The FMC-SERVO module features eight simultaneously sampling A/D and DACs with an FPGA computing core. Low latency SAR A/D and fast-settling DACs support real-time servo control applications. The programmable input range and high input interface directly to many sensors, while the output is capable of driving many transducers. Front panel digital IO can be also be used as PWM or process controls.

Clock and trigger controls include support for consistent servo loop timing, counted frames, software triggering and external triggering. The sample rate clock is either an external clock or on-board programmable PLL clock source

The FMC-Servo power consumption is TBD W for typical operation. The module may be conduction cooled using VITA20 standard and a heat spreading plate. Ruggedization levels for wide-temperature operation from -40 to +85C operation and 0.1 g2/Hz vibration. Conformal coating is available.

Support logic in VHDL is provided for integration with FPGA carrier cards. Specific support for Innovative carrier cards includes integration with Framework Logic tools that support VHDL and Matlab developers. The Matlab BSP supports real-time hardware-in-the-loop development using the graphical block diagram Simulink environment with Xilinx System Generator for the FMC integrated with the FPGA carrier card.

Software tools for Innovative carrier cards include host development C++ libraries and drivers for Windows and Linux, 32/64-bit including RTOS variants.

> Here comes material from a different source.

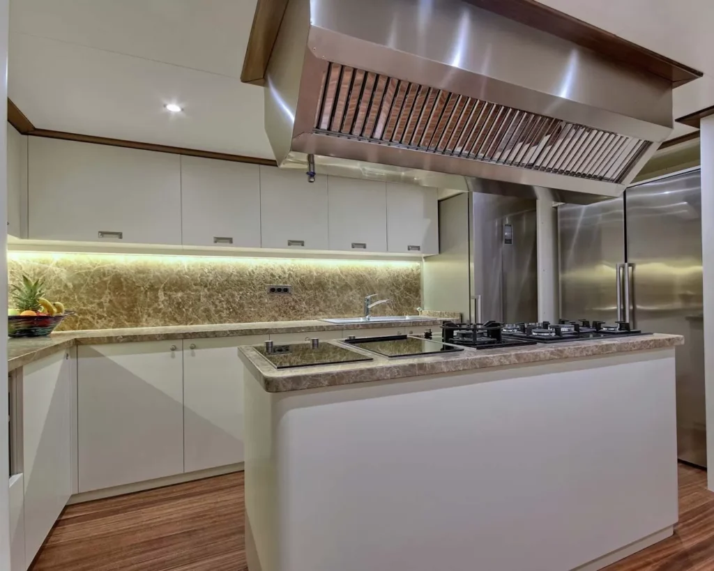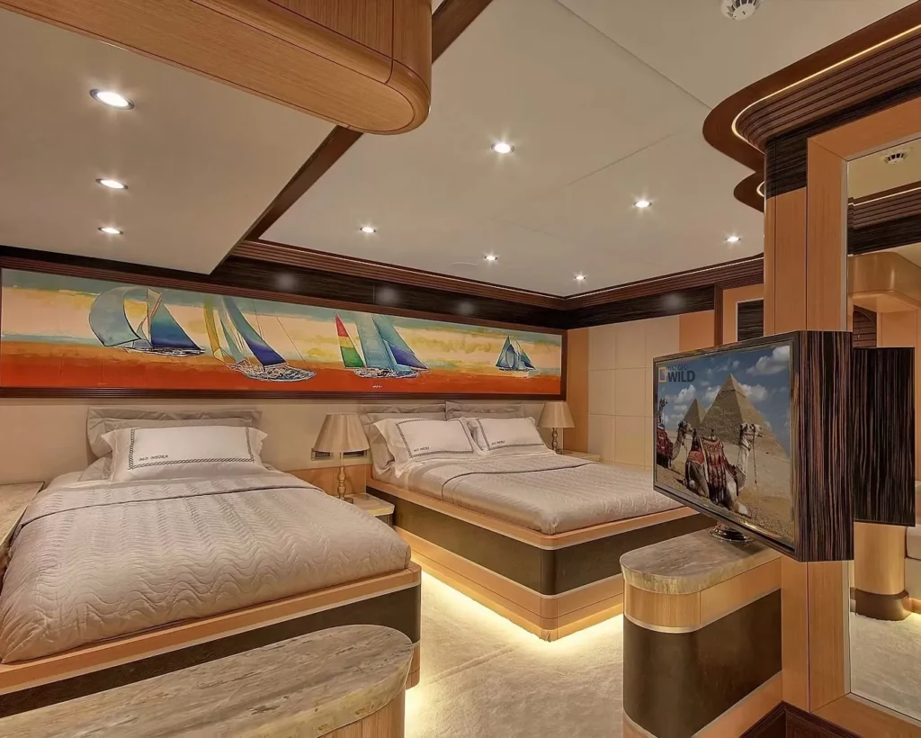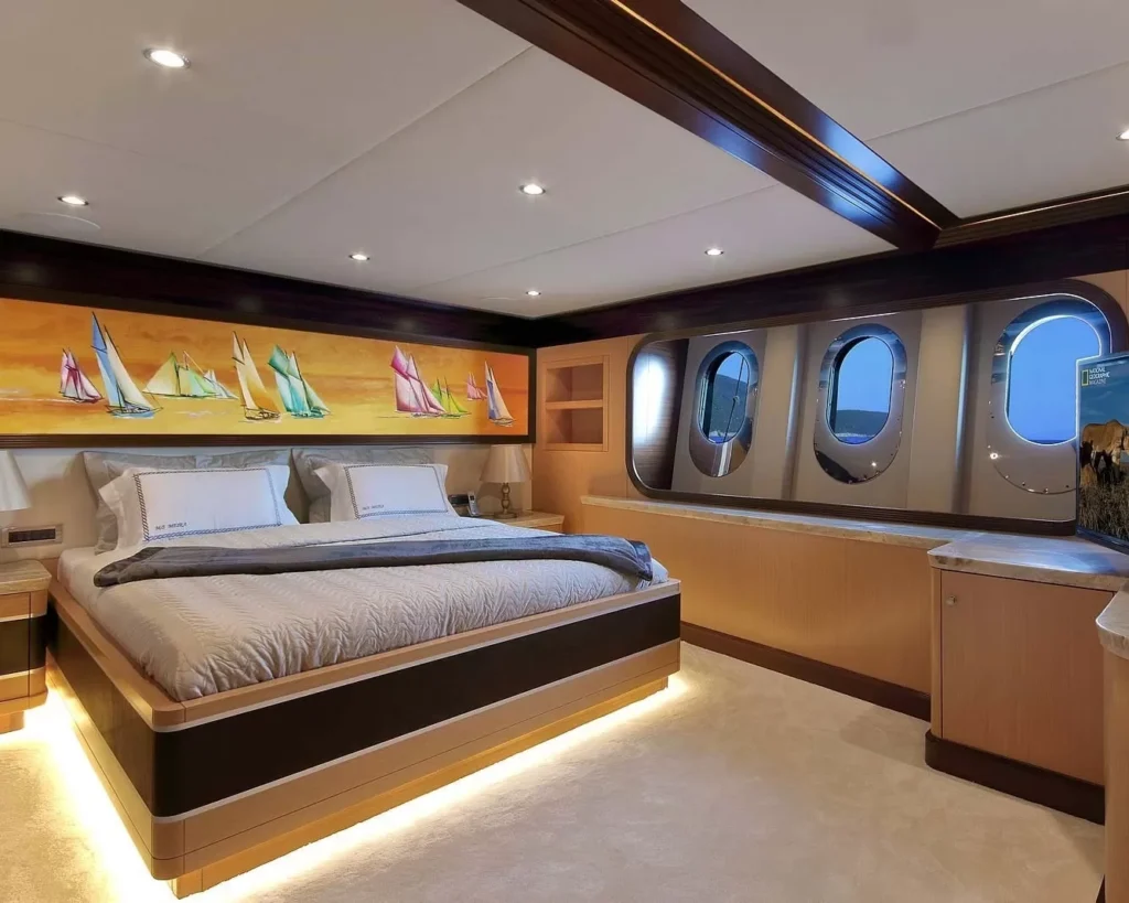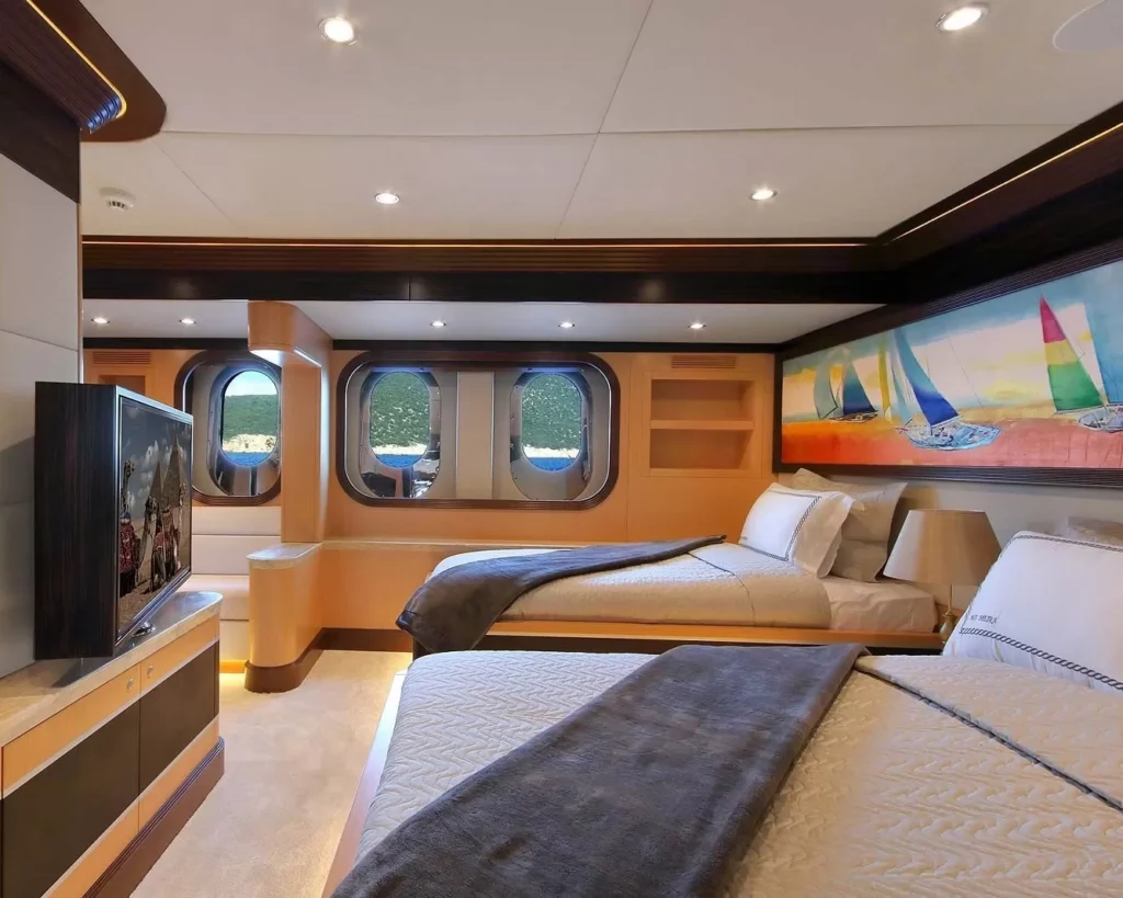 Das Schiff verfügt über sechs luxuriös ausgestattete Kabinen, die bis zu 12 Gästen unvergleichlichen Komfort bieten. Die Master-Suite auf dem Hauptdeck besticht durch ihre elegante Einrichtung mit Ebenholz, Aningeria, Leder und Marmor und verfügt über zwei begehbare Kleiderschränke, eine Minibar, eine Sitzecke mit großem Sofa und separate Badezimmer für Sie und Ihn. Drei VIP-Doppelkabinen und zwei flexible Zweibettkabinen, die zu Doppelkabinen umgebaut werden können, vervollständigen die Unterkünfte. Jede Kabine verfügt über ein fortschrittliches Hausautomationssystem, mit dem Klimaanlage, Beleuchtung, Vorhänge und Unterhaltungssysteme gesteuert werden können.

Application examples demonstrating the module features are provided.

* Sampling rates in an application depend on carrier and system design

  • Analogue to Digital Converter(s) = Texas Instruments ADS8568
  • FPGA = None, on host board
  • Digital to Analogue = Burr Brown DAC8822

The FMC modules come with logic to use them on the Innovative FMC hosts (ePC-K7, mini-K7, Cardsharp, COPious-PCIe, COPious-PXIe & others). The logic includes a sample streaming interface to the system processor. Please see the data flow diagram for the generic model.

The simplied data flow from Adc(s) to host application works as follows. Samples from the Adc(s) are clocked into the FPGA. The samples are packed where necessary for efficient use of the RAM chips. The RAM is used as a virtual FIFO to decouple the continuous stream of the Adc(s) from the block transfer nature of PCIe. The user application sets the packetsize. When a whole packet of data is available in the RAM, the PCIe DMA controller does a bus master transfer to the host memory. At configuration time the device drivers reserve physical memory for this purpose. When the transfer is complete, the DMA controller sends an interrupt to Malibu which then copies the packet from the busmaster area to virtual memory and then fires an event in the User application with a reference to the data.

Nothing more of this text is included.